Epic and stichic forms are found in the Gottschee legends and in the early sacred cries and songs of the Erlauer Spiele (ed. Suppan and Janota, 1990).

Alpine vocal forms are marked by wide-ranging melodies in natural notes still played on trumpets made of wood, cowhorns, other animal horns and the more recent alphorn. They include the Almschrei (calls for gathering cattle together or summoning people to work) the Alpsegen and Kühreigen, the Juchzer and the Jodler. These forms are primarily concerned with acoustic communication: signals between people, between people and animals, or between people and gods. In this context Wiora speaks of ‘elementary forms of singing’ belonging to a development preceding song itself. The rhythmically free, strongly melismatic movements, without verbal or tonal links, have mainly been recorded in the Salzkammergut area by Konrad Mautner and Hans Gielge. Characteristics of the Almschrei are the powerfully sung high note and the descending melodic structure associated with exhaustion. In ex.4, an Almschrei from the Salzkammergut, the uncertain melodic construction, in which the fourth oscillates between F and F, indicates the influence of the natural scale (of the alphorn).

Sichardt gives an account of the polyphonic Jodlerof the Austrian Alps, which is stylistically and formally related to Renaissance music in an area always noted for the close links between sacred and rustic musical forms. Both the tenor and the canonic principles occur in the records of oral tradition. Often, as in the songs of the Carinthian Wildsänger, the leading voice is in the second tenor, so that the polyphony builds up from the centre, as in vocal polyphony of the 15th and 16th centuries. The terms used also indicate this feature when the high voice is described in folk terminology as the ‘Überschlag’ (‘superius’) (ex.5). Ex.6 is an example of a two-part Nacheinander Jochizer, recorded near Irdning in the Ennstal area of Styria.

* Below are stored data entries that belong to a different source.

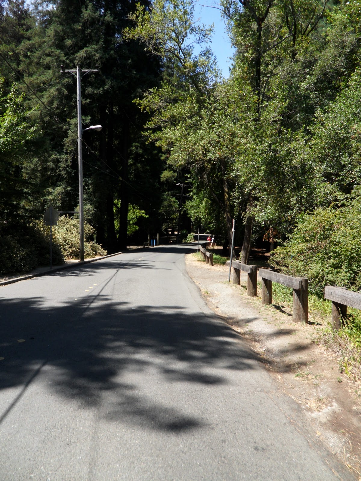 Follow narrow Cascade Drive through the redwoods. Stop to enjoy the views of the redwoods and the stream on your right through the last relatively flat section of this route.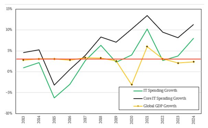 图1 2013~2024年全球GDP、核心IT支出和总体IT支出的增长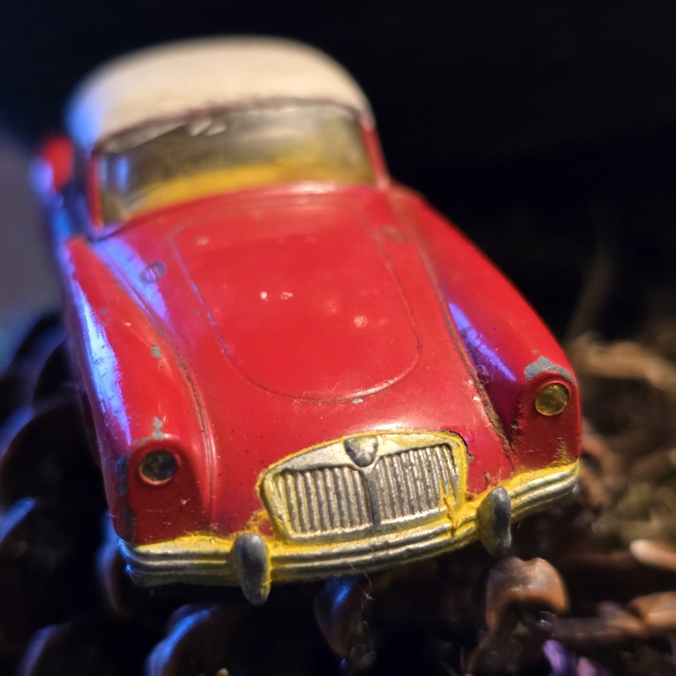 Perfekt for samlere, bilentusiaster, eller som en unik gave, vil denne røde MG Tekno modelbil med hvidt tag helt sikkert vække beundring og interesse. Tilføj et stykke historie til din samling og nyd den tidløse skønhed af denne mindeværdige legetøjsbil. Gør din samling eller hjemmedekoration komplet med denne eksklusive og charmerende modelbil.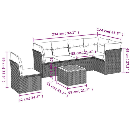 7 Piece Garden Sofa Set with Cushions Grey Poly Rattan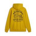 Felpa Vans da uomo a tinta unita in colorazione ocra con stampa del brand posta sul petto e in grande sul retro in contrasto di colore. Modello con ampio cappuccio, tasca marsupio sul davanti, maniche lunghe con polsini, fondo con orlo dritto e molla elastica in vita. Tessuto in misto Cotone.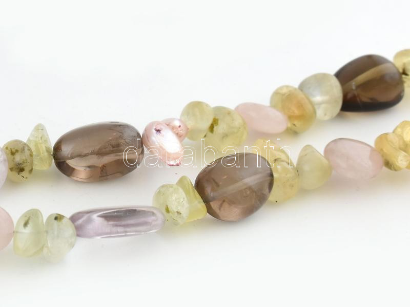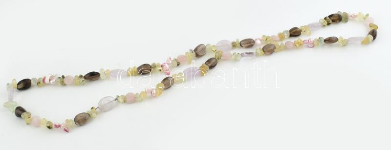 Prehnit, füstkvarc, rózsakvarc és tenyésztett gyöngy nyaklánc, h: 47 cm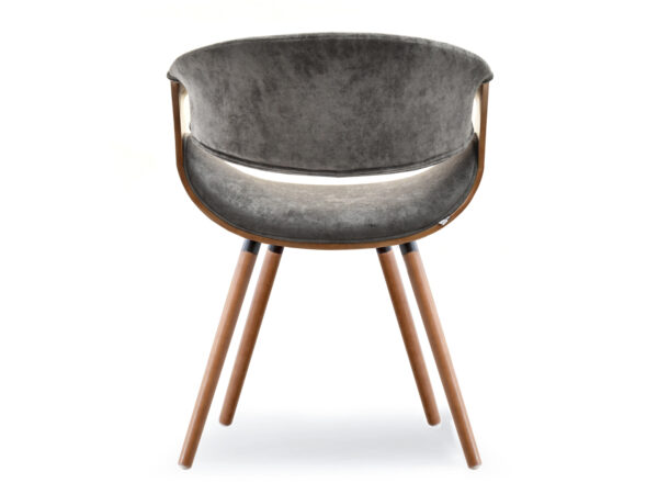 Stolica ozbiljnog karaktera i zanimljivog dizajna izrađena od kvalitetnog drveta i ugodnog baršuna unijeti će u Vaš prostor ljepotu i dozu elegancije.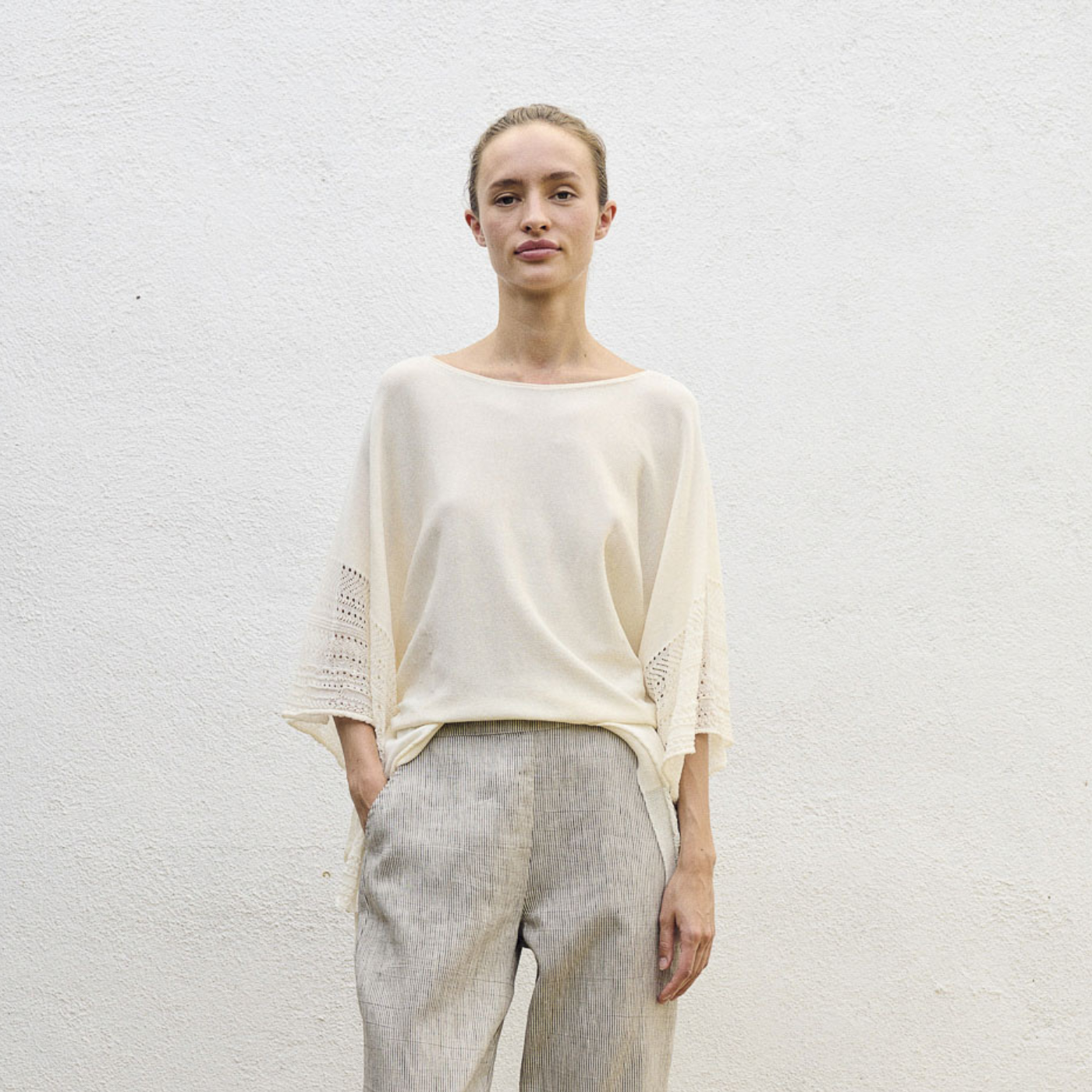 THIS COLLECTION CAPTURES THE ESSENCE OF SUMMERS BATHED IN LIGHT. - Inspired by a summer breeze, it unveils a universe rich in detail, BLENDING ARTISANAL TRADITION, TECHNICAL INNOVATION, AND A SAVOIR-FAIRE that has established the brand as a global benchmark in KNITWEAR.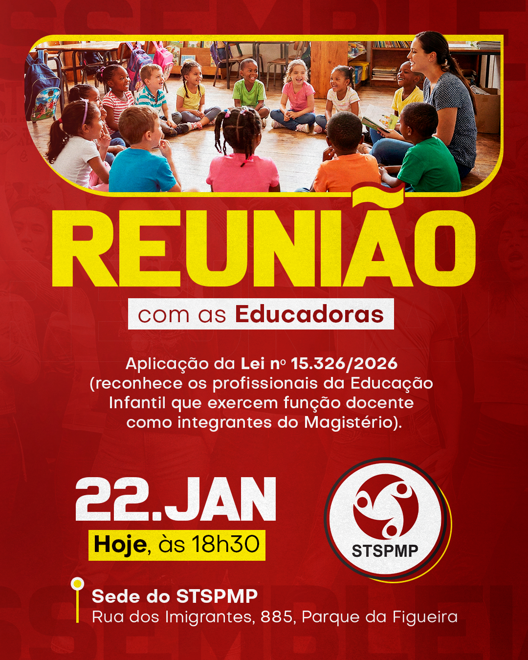 Reunião com os Professores da Educação Infantil sobre a aplicação da Lei nº 15.326/2026 será nesta quinta, 22/1, às 18h30, no STSPMP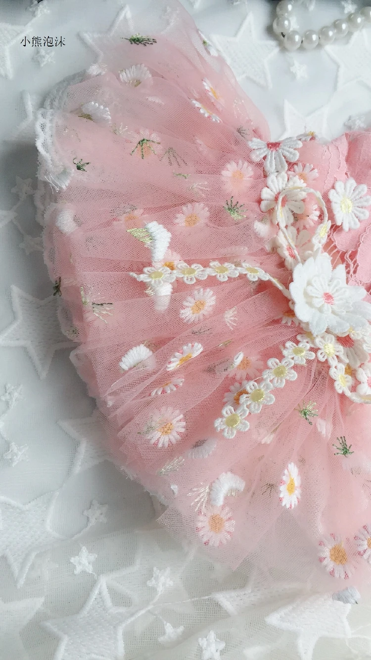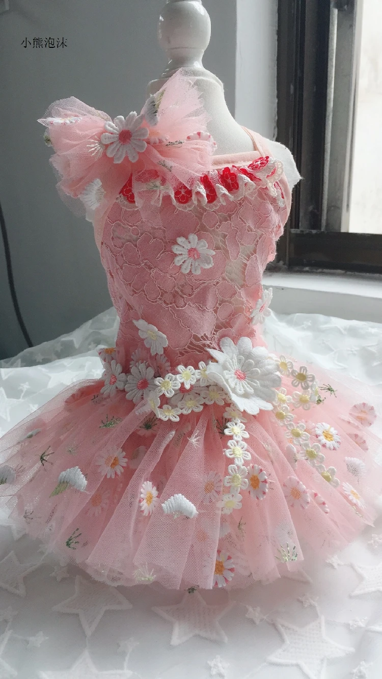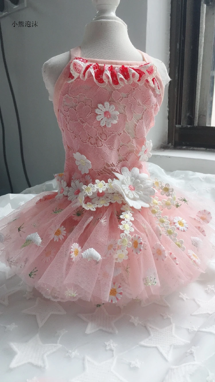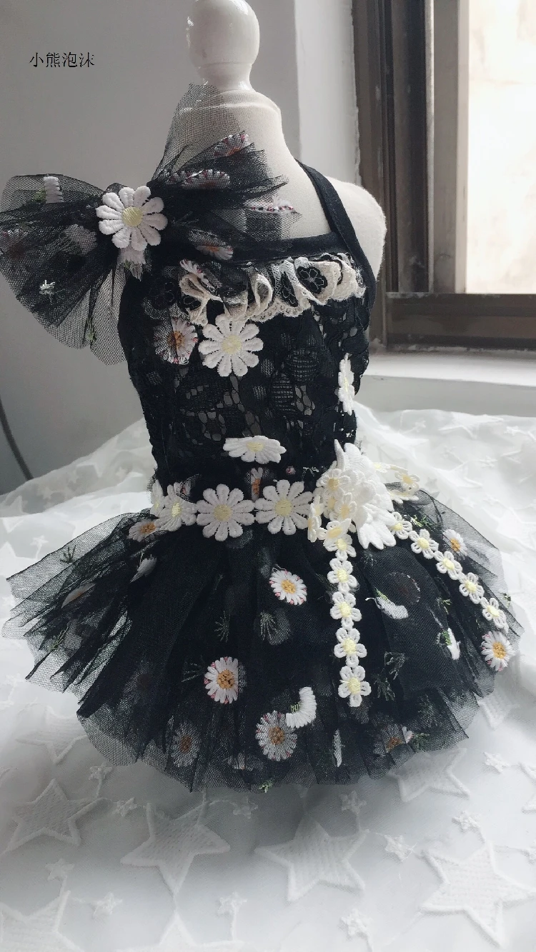 Модное розовое и черное платье принцессы на бретельках с изображением щенка для маленькой собаки, кружевное платье-пачка с ромашками, одежда для собак, верхняя одежда для чихуахуа, Тедди

The pastoral melos survives in a stylized form and has adapted to the major scale in polyphonic sung forms of the yodel, in the instrumental Ländler dances of Upper Austria and in Styrian dances, with mannerisms also appearing at times in the melodic and, above all, the rhythmic structure, and in the original and quick 3/4 rhythms of the Salzkammergut Schleunigen. Only the main part is fixed; the bass and the accompanying parts are improvised after it has been heard. Accompaniment frequently consists of a flute or clarinet, two fiddles and bass (ex.7). For gradual progressions when there is no alternating harmony, the harmonization scheme consists of a series of triads or 6th chords, and the main part is the lowest (ex.8).

Ländler and Styrian dances are played sometimes on the diatonic or ‘Styrian’ dulcimer, sometimes on the diatonic or ‘Styrian’ accordion first made in the 19th century, with the choice of keys limited to tonics, subdominants and dominants.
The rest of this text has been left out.